Anda kalabilmek neden önemli?
Son günlerde belki de sıklıkla duyuyorsunuzdur “Anda kalın” diyenleri. Niye “Anda kalın” diyorlar, ne demek istiyorlar? Belki düşündünüz, belki araştırdınız. Bir akım diyorsunuz belki de. Araştırdıysanız fark etmiş olabilirsiniz yüzyılların deneyimi de var içinde diye, farklı şekillerde de olsa…

Birey olarak yaşadıklarımız ne kadar iyimser olmaya çalışsak da her zaman bizi mutlu edecek türden değil. Toplum olarak yaşadığımız olaylar da ayrıca bizi etkiliyor. Bireysel travmalarımız, toplumsal travmalarımız var. Hayatı boyunca depresyonu tatmadım diyebilecek kaç kişi vardır? Mutluluk da hüzün de yaşamımızın bir gerçeği. Yaşadıklarımızı unutabiliyor muyuz? “Unutmak kolaysa önce sen unut” diyor şair. Yaşadığımız anlar gibi bazen sevdiklerimizi de geçmişte bırakmamız gerekebiliyor. Öfkelendiklerimiz, kırıldıklarımız, içimizde kalıp söyleyemediklerimiz gibi pek çok duygu ve düşünce. Hepsi zihnimizde yaşar. Hatta bazen bedenimize de yansır etkileri. Kötü anlar zihninizde canlanırken bedeninizde neler hissedersiniz bir düşünün. Belki çarpıntınız olur, belki terlersiniz, belki nefesiniz tıkanır, belki de o anları tekrar yaşarsınız. Durum böyle olunca da geçmişte kalırsınız. Etrafınızdaki pek çok şeyi fark etmez, görmez, duymaz, hissetmezsiniz.
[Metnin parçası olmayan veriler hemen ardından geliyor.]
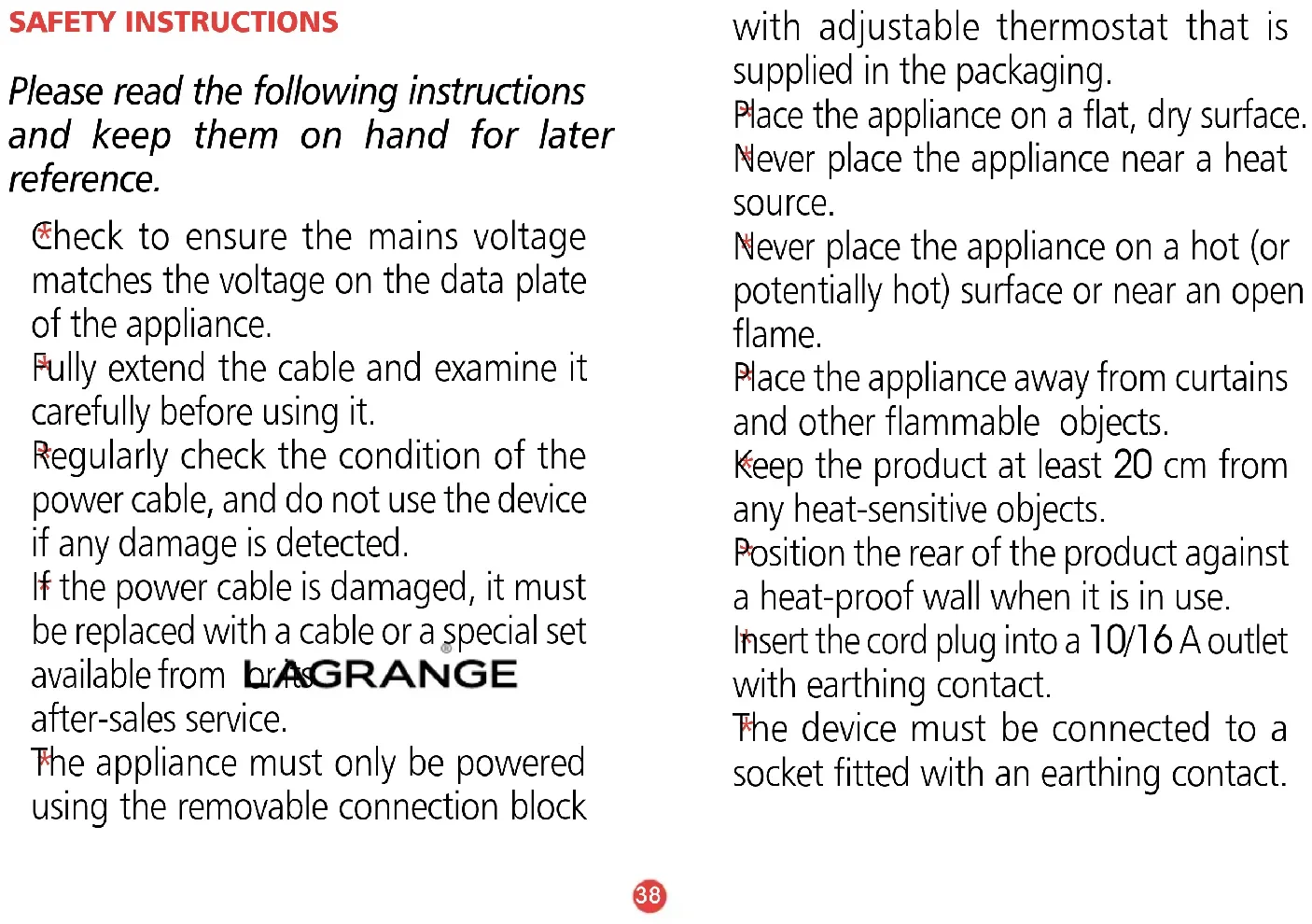 The appliance must only be powered using the removable connection block with adjustable thermostat that is supplied in the packaging.
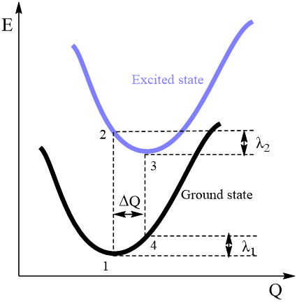 如图横坐标代表分子坐标,纵坐标代表能量,则激发态和基态的势能面如上图两条曲线所示。由重组能的定义,我们可以知道基态到激发态的激发过程结构弛豫的重组能Eλ2=E2-E3,而从激发态回到基态的发射过程的结构弛豫的重组能Eλ1=E4-E1。
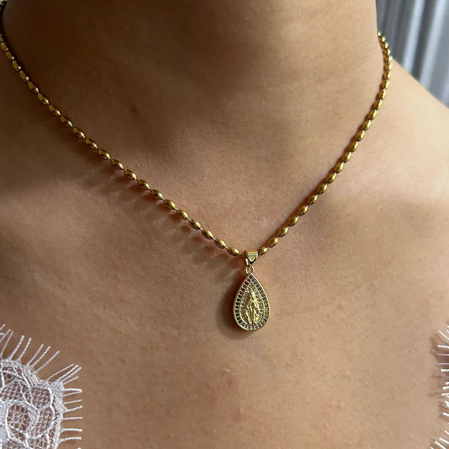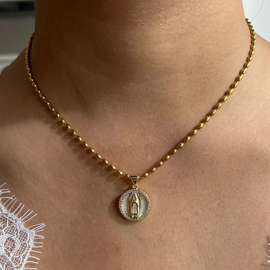 Fashionable Copper Madonna Pendant Necklace With Luxury Stainless Steel Clavicle Chain Versatile Jewelry For Women Lobster Clasp
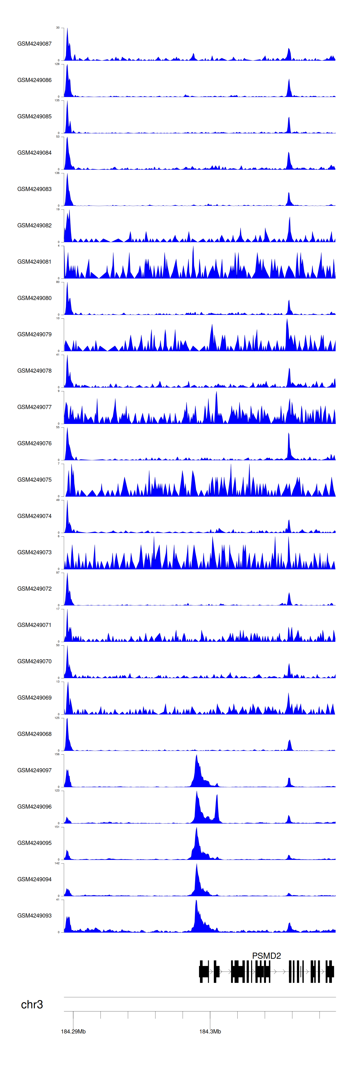 > Dataset: GSE143026 - PSMD2 peak across samples
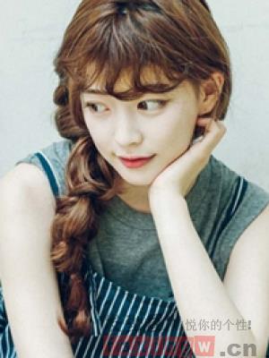 棕红色系的头发,打理成蓬松的侧边编发发型,白皙的脸蛋,搭配上条纹的上衣,简单慵懒更别致哦。

Çok endişeli olanlar vardır bir de… Hep kötü bir şey olacak hissi yaşarlar. Çevresindeki insanların ona kötülük yapıp yapmayacağını düşünür, ekonominin gidişatı, çocuklarının geleceği, gençse sınavların nasıl geçeceği, iş bulup bulamayacağı, hayatına girecek kişi. Eğer yaşlıysa sağlık sorunları, ne kadar daha yaşayacağı gibi birçok soru, sorun kafasında dolanır durur, kaygılanır. Geleceği yaşar, yaşadığı anı yaşayamadan. Kaygımız olmazsa motivasyonumuz da olmaz çabalamayız elbette ama bir dengeye oturtmak lazım. Sürekli geleceği düşündükçe andan koparız. 

Kısaca özetlemeye çalıştığım gibi, geçmiş ve geleceği düşündükçe yaşadığımız anı kaçırıyor ve bu çok artmaya başladıysa biraz dur demek lazım. O anın geriye dönüşü yok çünkü. Çevrenizde konuşulanları duymuyorsunuz belki de çiçek açan ağacı fark etmiyor, size sevgiyle bakan gözleri görmüyor, esen rüzgarın, akan derenin sesini duymuyor, size sevgiyle sarılanı hissetmiyor olabilirsiniz. Duyularınızla iletişim kurmayı deneyin, duyumları hissedin anda kalabilmek için. O hislere odaklanmaya çalışın. Geçmiş ve gelecekle ilgili duygu ve düşünceleriniz hemen uzaklaşmayacak sizden. Siz görmeyi, duymayı, koklamayı, hissetmeyi daha çok hayatınıza sokabilirseniz, bu olumsuzluklar azalacak ve anda kalabilmek için bir adım atmış olacaksınız. Bu yapabileceklerinizden sadece bir tanesi. Belki Ramazan’da Kur’an, dua okuyor ve okuduklarınızı dinliyorsunuz. Zihniniz okuduklarına odaklanıyorsa siz de bulmuşsunuz bir yöntem demektir. Belki baharın güzellikleri de sizi anda tutmayı başarabilir. Geçmiş anılarda, gelecek hedeflerinizde olsun. An’da kalın, mutlu kalın.